We might not hit it that often, but we'll hit it sooner or later, and we'll also hit a lot of its neighbors.
You’re not describing anything different from how Nyquist pops up in analog signals either - sampling and signal will always have jitter and noise. I would recommend reading the linked pdf if you haven’t done so as it gives a number of examples of how Nyquist can screw up your intuition.
I read it when it was first posted, and skimmed it again just now to be sure, and my conclusion is unchanged: Nyquist has nothing useful to say about sampling profilers. I think the author would agree with me. See, for example, the discussion of EKG signals, or this bit from the intro:
> The difficulty with the Nyquist-Shannon sampling theorem is that it is based on the notion that the signal to be sampled must be perfectly band limited.

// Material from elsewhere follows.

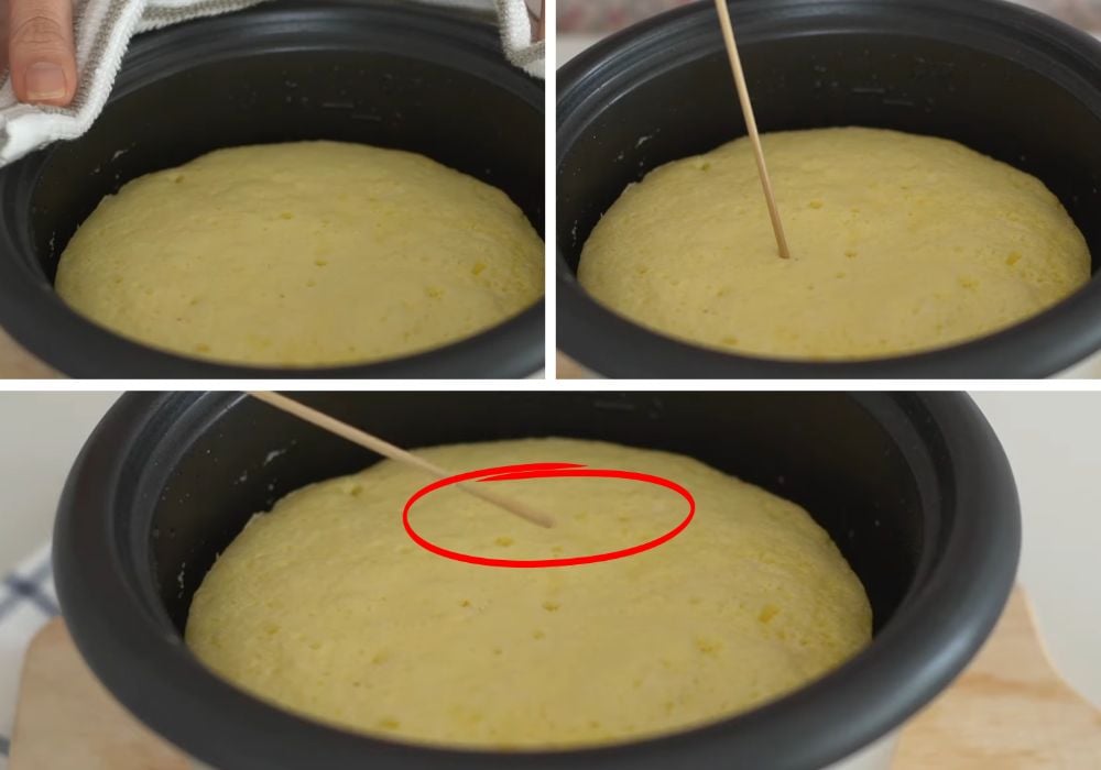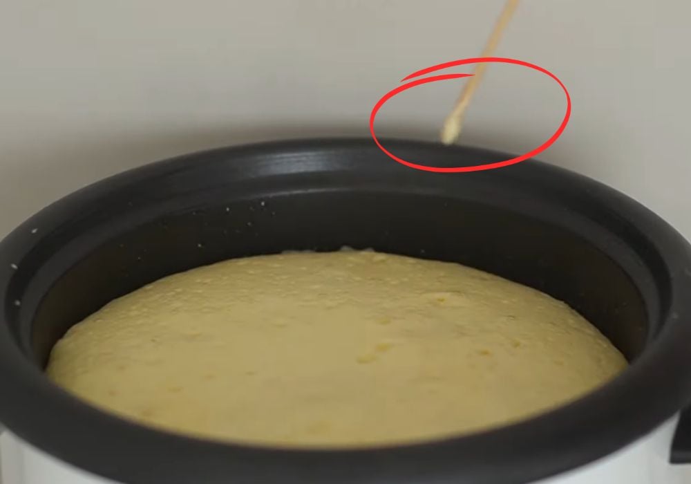 Nếu rút ra que khô, không dính bột nghĩa là bánh đã chín. Nếu còn ướt, tiếp tục bật lại chế độ nấu thêm 10–15 phút.

This property of the theorem is unfortunate because no real world signal is truly and perfectly band limited.
whose relevance I'll get to below.
(I'm assuming that by "sampling profiler" you mean the usual practice of recording on a cadence the call stack / program counter / etc of some code; if this is not what you meant please clarify)
If you approach sampling profiling from a signals viewpoint, what's the signal that you're sampling? I see it as a collection of pulse waves of varying (and irregular!) duty cycles, each pulse wave corresponding to a yes/no answer to "is the program inside this function / executing this instruction / etc". At any given sample we collect our data and that tells us which waves are high; all others will be low.
Nyquist, as the above quote points out, only applies to perfectly band limited signals. Not only are pulse waves not perfectly band limited, they're actually extremely not band limited, with energy at harmonics going all the way up. Right away that should tell you that Nyquist is the wrong way to be thinking about things!
And furthermore, Nyquist tells you what you need if you want to reconstruct the original signal, but why do you want to do that in the first place? Do you actually care about the phase of the wave and the timings of the pulses, or do you just care about how often the wave is high? (i.e. how often any bit of code is executed). I don't think I've ever cared about the phase and timings when profiling, but I do care very much about how often the wave is high.
One possible issue is that if sampling is even slightly biased, it can incorrectly estimate the relative frequency of different points/functions in tight inner function calls (which can't happen with infrequently called functions with a long runtime)?
Why FIR? It had a super sharp cutoff and of course linear phase. If I'd known about Bessel filters at the time I'd have tried those out. Live and learn and ship it.